Directions for this task
Everything in the listing should be set down exactly, apart from the pictures.

Source material
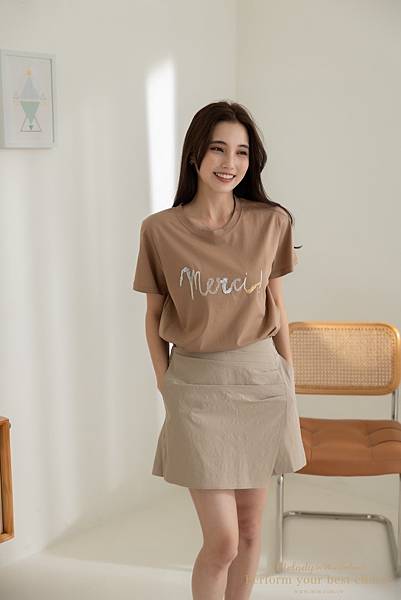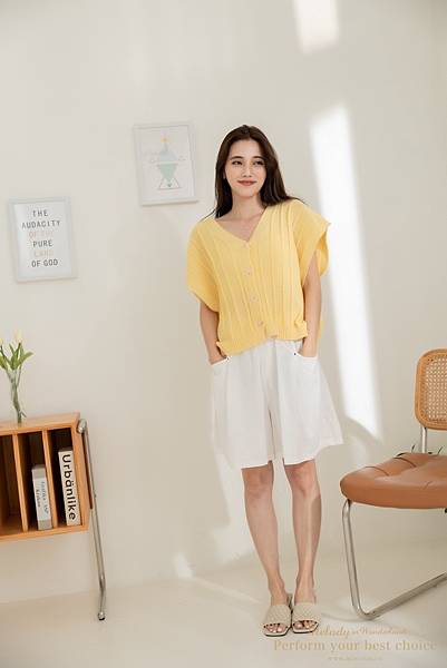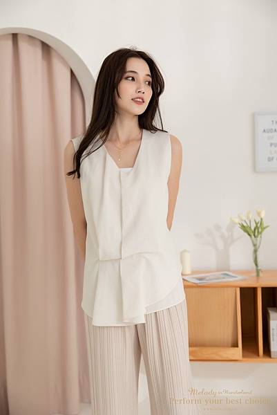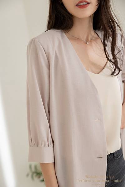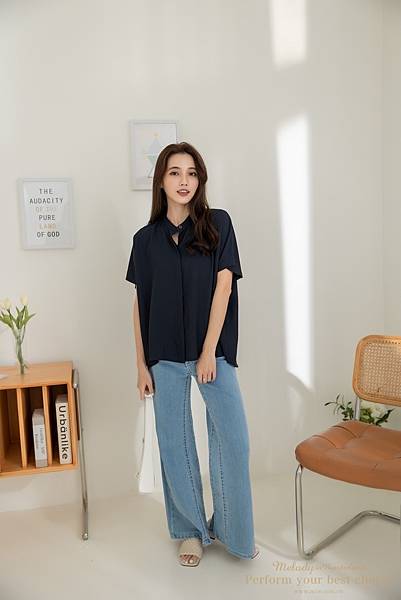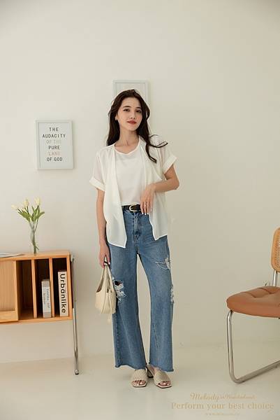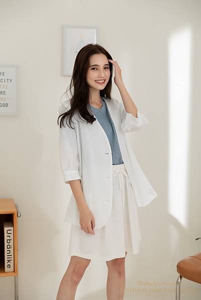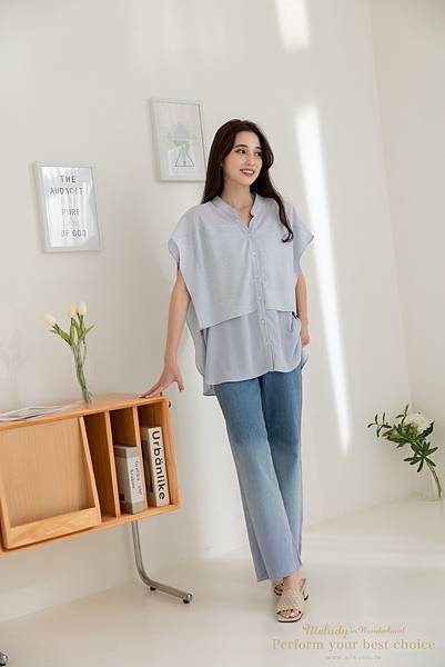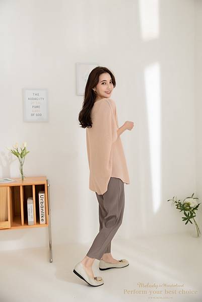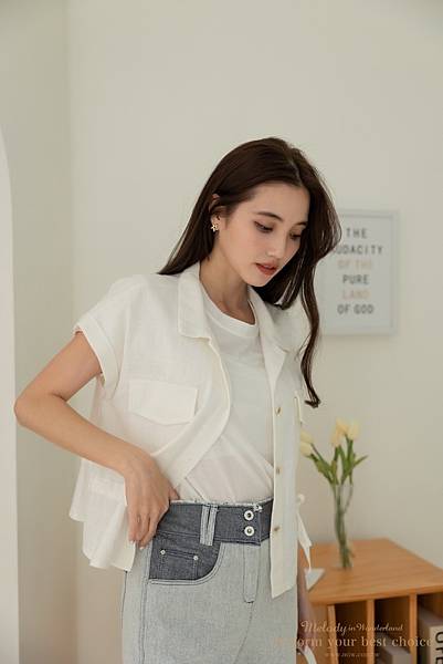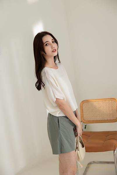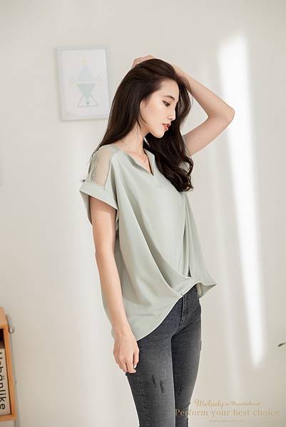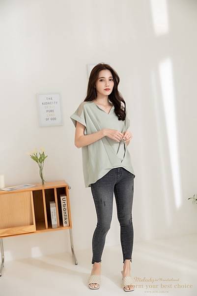 這邊我幫春妞搭上這件版型很修飾的上衣
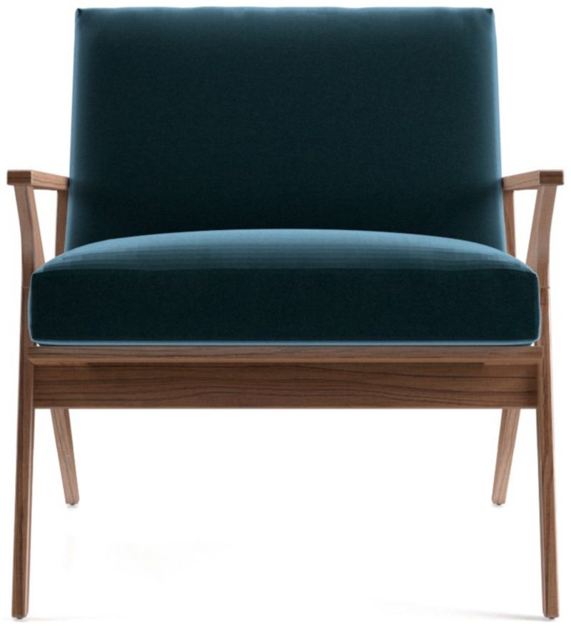 The Cavett chair's slight recline angles you back comfortably with supportive cushions upholstered in a polyester basketweave that layers varied tones of brown. The Cavett Chair is a Crate and Barrel exclusive.
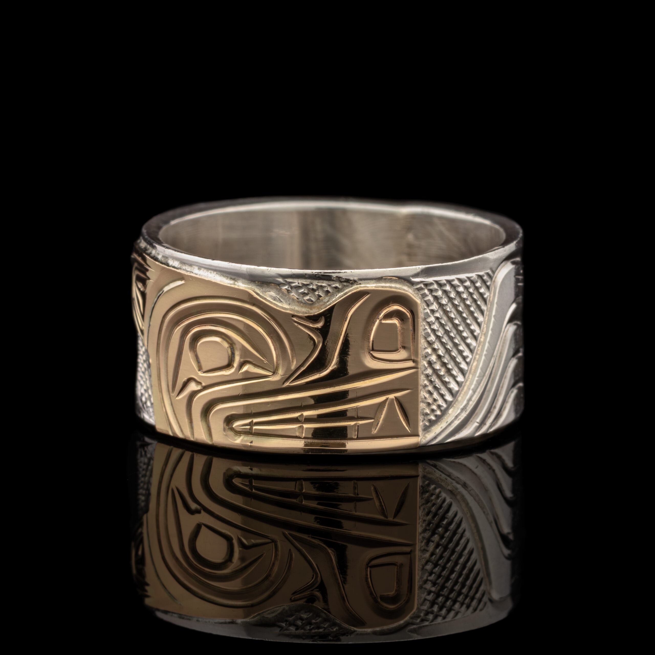 Design: Native American sterling silver band with gold plated and engraved eagle motif, Master of the Skies

Response to the task
 這邊我幫春妞搭上這件版型很修飾的上衣
 The Cavett chair's slight recline angles you back comfortably with supportive cushions upholstered in a polyester basketweave that layers varied tones of brown. The Cavett Chair is a Crate and Barrel exclusive.
 Design: Native American sterling silver band with gold plated and engraved eagle motif, Master of the Skies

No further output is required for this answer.